──────── Task inputs
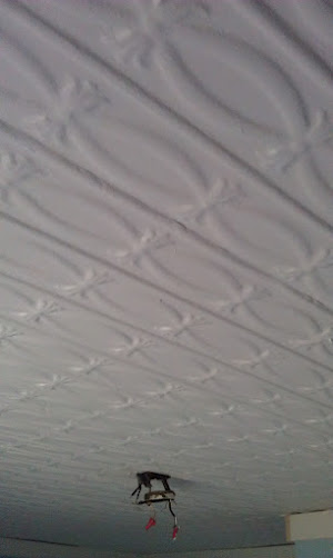 Pressed tin ceilings- now free of lead paint flakes! =) A big thank you to my exasperated and patient husband for helping me save what I had deemed a "critical component" of the perfect nursery!
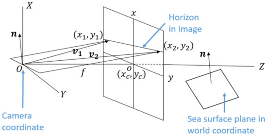 As shown in Figure 4, with the horizon or vanishing line, the normal vector of the sea surface plane in the camera coordinate can be calculated, and it is the same as the normal vector in the world coordinate. Denote the image center as , the focal length of the camera as f, and two different points on the horizon line as and . Thus, the two vectors connecting the origin of the camera coordinate and the two different points on the horizon line are, respectively, and . Hence, the normal vector of the sea surface plane is calculated as the cross product of and : . Finally, the roll and pitch angles of the camera can be computed as
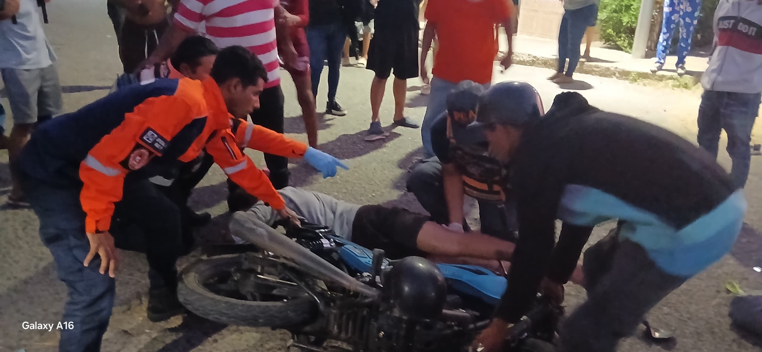 Los vehículos involucrados, una moto Bera SBR de color azul y un carro Ford Pickup de color azul.
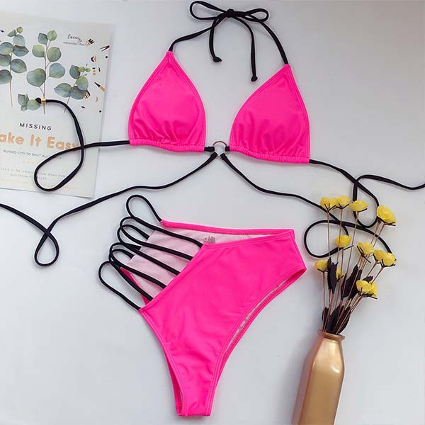 Sexigt Hollow Out Halter Bikini Set med snörning
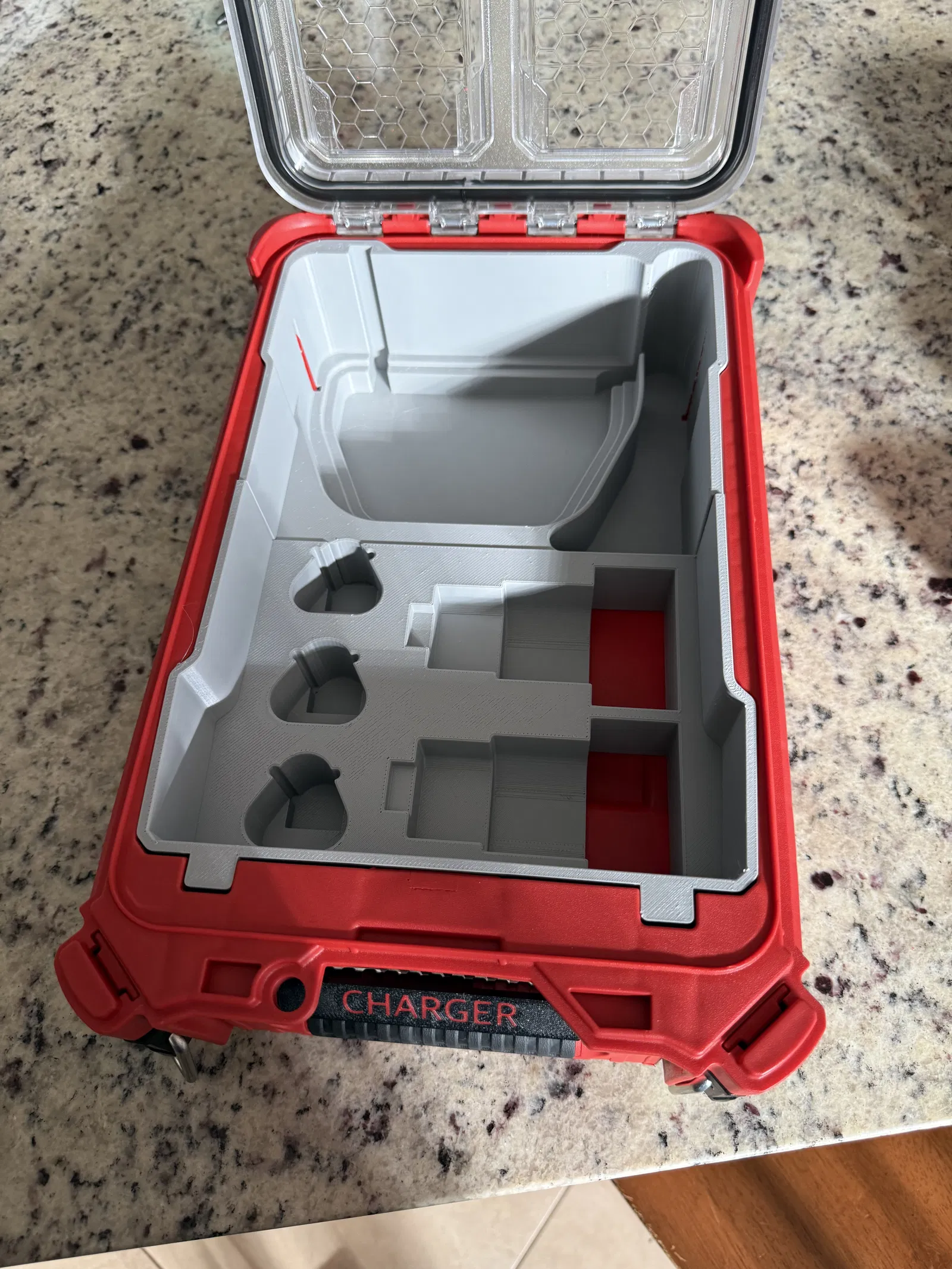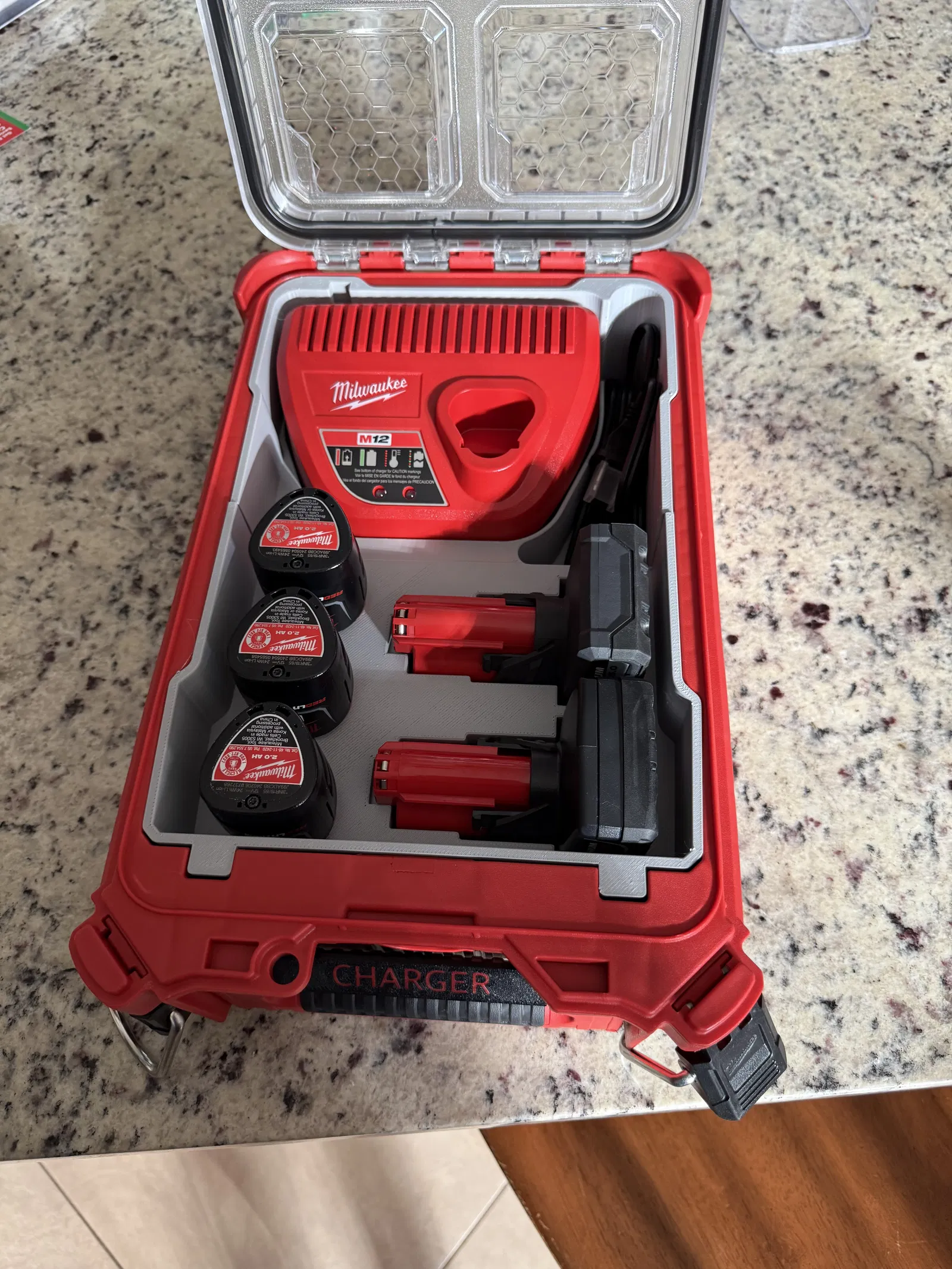 Cái khay này sẽ đựng 5 viên pin M12 (3 loại CP và 2 loại XP) cùng với bộ sạc M12 tiêu chuẩn trong một cái thùng Milwaukee 48-22-8435 Packout.
────────────────
• _Exercise goal_
Pictures do not belong in your copy; restate word for word the lines from the one containing "Los vehículos involucrados, una" through the last line of the records above.

• _Answer to this problem_
 Los vehículos involucrados, una moto Bera SBR de color azul y un carro Ford Pickup de color azul.
 Sexigt Hollow Out Halter Bikini Set med snörning
 Cái khay này sẽ đựng 5 viên pin M12 (3 loại CP và 2 loại XP) cùng với bộ sạc M12 tiêu chuẩn trong một cái thùng Milwaukee 48-22-8435 Packout.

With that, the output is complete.